Try it
What follows is a set of records. Copy them exactly and leave out the images.

Input records
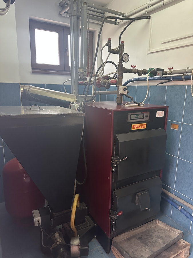 ➡️ A fost folosita rar, pentru incalzirea ocazionala a unei pensiuni de ~600 mp (12 camere, holuri si parter cu sala de mese, bucatarie si receptie). Este curatata, cu service realizat anual conform cerintelor legislative, incarcata cu peleti de calitate. O vindem deoarece in zona a fost introdusa reteaua de gaz, la care urmeaza sa ne racordam.
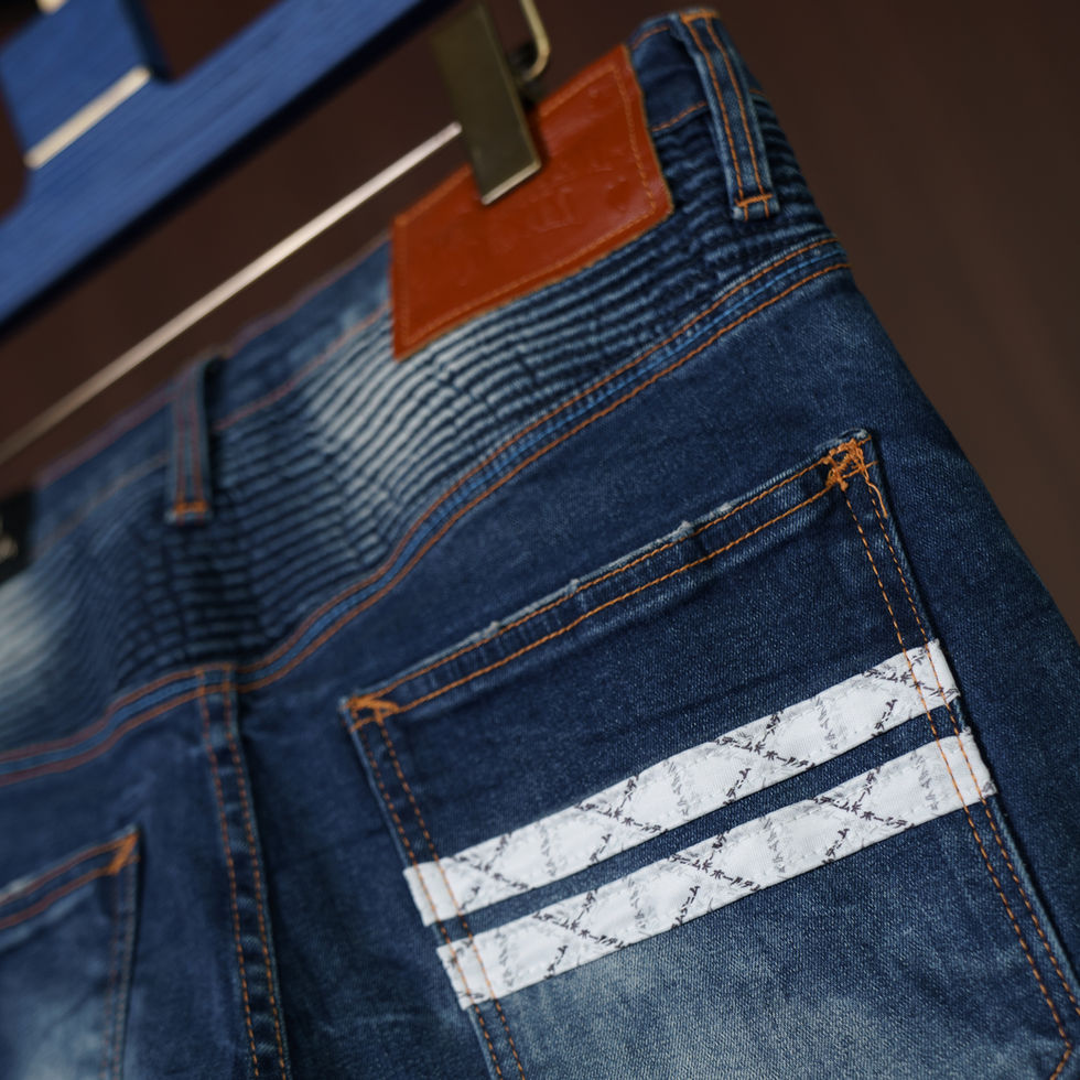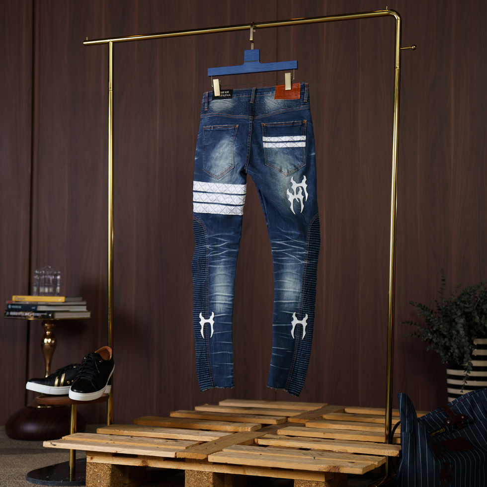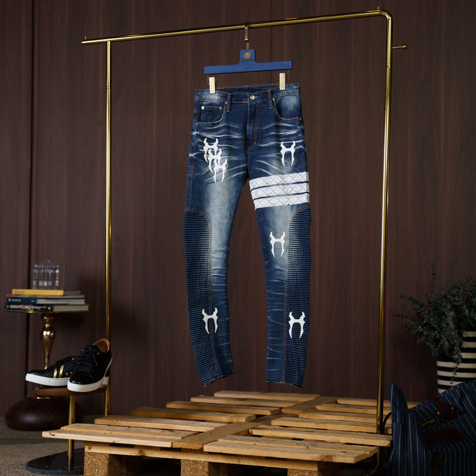 #holdemdenim #holdem Blue Washed Biker Jeans 2024 (White🍥 H8 Monogram Cotton Strap)
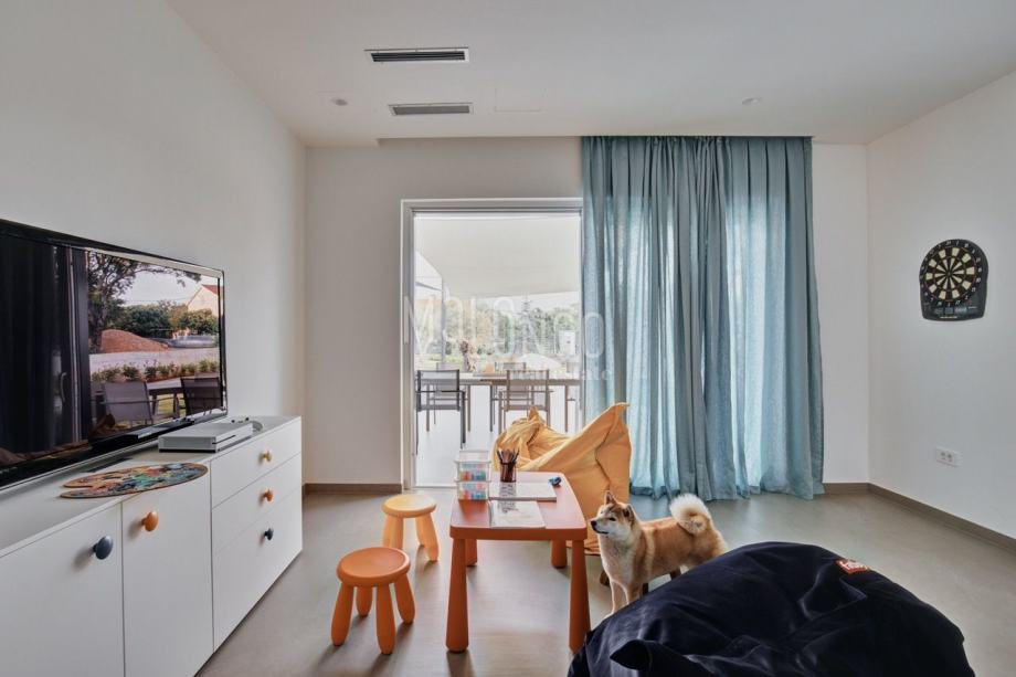 U prizemlju kuće se nalazi ogroman dnevni boravak sa kuhinjom, od dvorišta odvojen velikim staklenim stijenama. Na istoj etaži nalazi se i igraonica, wellness zona te dodatni toalet. Iz dnevnog dijela kuće se izlazi na vanjsku terasu južne orijentacije gdje se nalazi i bazen.
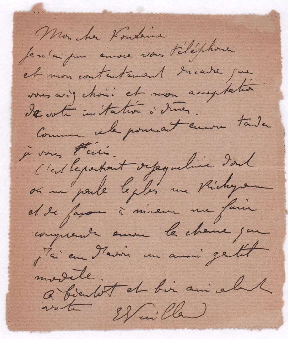 62927 VUILLARD Edouard (1868-1940). L.A.S. « EVuillard », [Paris 16 avril
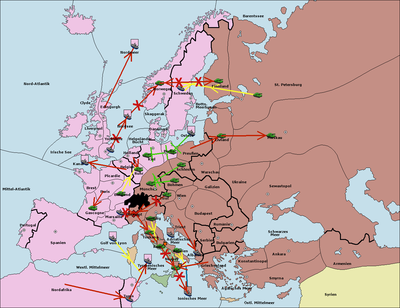 • Die Flotte in Spanien (Südküste) move nach westl. Mittelmeer. (gescheitert)
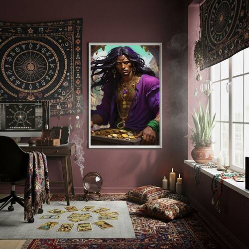 Quadro Decorativo Cigano Vladimir Pote Ouro - 70x50cm - Cor: Moldura Preta
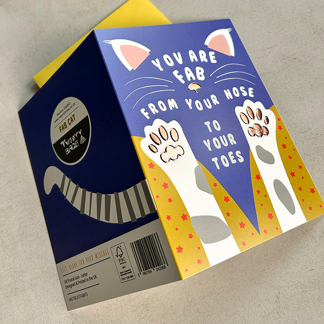 This Birthday card brings you extra special greetings with its rose gold foiled nose and paw pads. The front pictures a white cat's ears, nose and whiskers with the greeting message 'You are Fab, from your nose to your toes'. the paws are positioned in a playful stance bringing joy to any recipient. The design continues on the back showing the cat's tail.
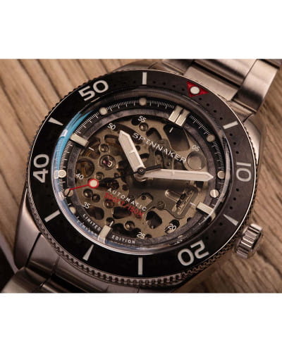 Мужские итальянские часы с автоподзаводом Spinnaker Croft SP-5095-22, механический механизм (автоматический калибр) с высокой точностью. Циферблат с люминесцентным покрытиемЛюминесцентное покрытиеПозволяет считывать показания времени в темноте. Производители наносят на стрелки, часовые индексы, безель или поверхность циферблата светонакопительный состав, дающий холодное свечение. стрелок и меток дополнен сапфировым стекломСапфировое стеклоПрочный и надёжный материал из кристалла сапфира синтетического происхождения, характеризующийся особой твёрдостью и устойчивостью к царапинам и повреждениям., устойчивым к появлению царапин и обладающее высокой прозрачностью. Класс водозащиты: 150 метров, позволит плавать, нырять и заниматься другими водными видами спорта. Корпус часов изготовлен из стали. Стальной браслет на раскладной застёжкеРаскладная застёжкаТакой тип застёжки используется только на браслетах из металла. Она никогда не раскрывается полностью, происходит разделение на 2 и более частей. Раскладывающая застёжка снизит вероятность потери часов к минимуму.. БезельБезельВнешний ободок, закрепляющий стекло. В спортивных часах так называется поворотное кольцо с делениями на циферблате, выполняет роль таймера – замеряет отрезки времени на шкале. Неподвижный безель – элемент декора. Однонаправленно вращающийся безель на дайверских часах позволяет фиксировать моменты погружения и выныривания на поверхность. с PVD-покрытиемPVDУльтратонкое покрытие наносится в технике вакуумного напыления, сочетает в себе нитрид титана особой прочности со слоем золота или оксида хрома. Несёт в себе декоративную или защитную функцию..
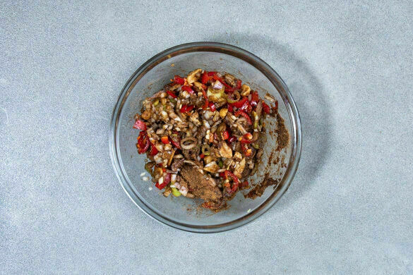 6EL Pflanzenöl in einer großen Pfanne bei starker Hitze erwärmen, bis es zu rauchen beginnt, dann das heiße Öl vorsichtig in die Schüssel mit den vorbereiteten Zutaten gießen. Das Peperoniöl zum Auskühlen beiseitestellen. Tipp: Indem das Öl erhitzt wird, nimmt es den Geschmack der Zutaten besonders gut auf und verstärkt diese. Sei kreativ und probiere verschiedene Kombinationen aus!

Answer box
 ➡️ A fost folosita rar, pentru incalzirea ocazionala a unei pensiuni de ~600 mp (12 camere, holuri si parter cu sala de mese, bucatarie si receptie). Este curatata, cu service realizat anual conform cerintelor legislative, incarcata cu peleti de calitate. O vindem deoarece in zona a fost introdusa reteaua de gaz, la care urmeaza sa ne racordam.
 #holdemdenim #holdem Blue Washed Biker Jeans 2024 (White🍥 H8 Monogram Cotton Strap)
 U prizemlju kuće se nalazi ogroman dnevni boravak sa kuhinjom, od dvorišta odvojen velikim staklenim stijenama. Na istoj etaži nalazi se i igraonica, wellness zona te dodatni toalet. Iz dnevnog dijela kuće se izlazi na vanjsku terasu južne orijentacije gdje se nalazi i bazen.
 62927 VUILLARD Edouard (1868-1940). L.A.S. « EVuillard », [Paris 16 avril
 • Die Flotte in Spanien (Südküste) move nach westl. Mittelmeer. (gescheitert)
 Quadro Decorativo Cigano Vladimir Pote Ouro - 70x50cm - Cor: Moldura Preta
 This Birthday card brings you extra special greetings with its rose gold foiled nose and paw pads. The front pictures a white cat's ears, nose and whiskers with the greeting message 'You are Fab, from your nose to your toes'. the paws are positioned in a playful stance bringing joy to any recipient. The design continues on the back showing the cat's tail.
 Мужские итальянские часы с автоподзаводом Spinnaker Croft SP-5095-22, механический механизм (автоматический калибр) с высокой точностью. Циферблат с люминесцентным покрытиемЛюминесцентное покрытиеПозволяет считывать показания времени в темноте. Производители наносят на стрелки, часовые индексы, безель или поверхность циферблата светонакопительный состав, дающий холодное свечение. стрелок и меток дополнен сапфировым стекломСапфировое стеклоПрочный и надёжный материал из кристалла сапфира синтетического происхождения, характеризующийся особой твёрдостью и устойчивостью к царапинам и повреждениям., устойчивым к появлению царапин и обладающее высокой прозрачностью. Класс водозащиты: 150 метров, позволит плавать, нырять и заниматься другими водными видами спорта. Корпус часов изготовлен из стали. Стальной браслет на раскладной застёжкеРаскладная застёжкаТакой тип застёжки используется только на браслетах из металла. Она никогда не раскрывается полностью, происходит разделение на 2 и более частей. Раскладывающая застёжка снизит вероятность потери часов к минимуму.. БезельБезельВнешний ободок, закрепляющий стекло. В спортивных часах так называется поворотное кольцо с делениями на циферблате, выполняет роль таймера – замеряет отрезки времени на шкале. Неподвижный безель – элемент декора. Однонаправленно вращающийся безель на дайверских часах позволяет фиксировать моменты погружения и выныривания на поверхность. с PVD-покрытиемPVDУльтратонкое покрытие наносится в технике вакуумного напыления, сочетает в себе нитрид титана особой прочности со слоем золота или оксида хрома. Несёт в себе декоративную или защитную функцию..
 6EL Pflanzenöl in einer großen Pfanne bei starker Hitze erwärmen, bis es zu rauchen beginnt, dann das heiße Öl vorsichtig in die Schüssel mit den vorbereiteten Zutaten gießen. Das Peperoniöl zum Auskühlen beiseitestellen. Tipp: Indem das Öl erhitzt wird, nimmt es den Geschmack der Zutaten besonders gut auf und verstärkt diese. Sei kreativ und probiere verschiedene Kombinationen aus!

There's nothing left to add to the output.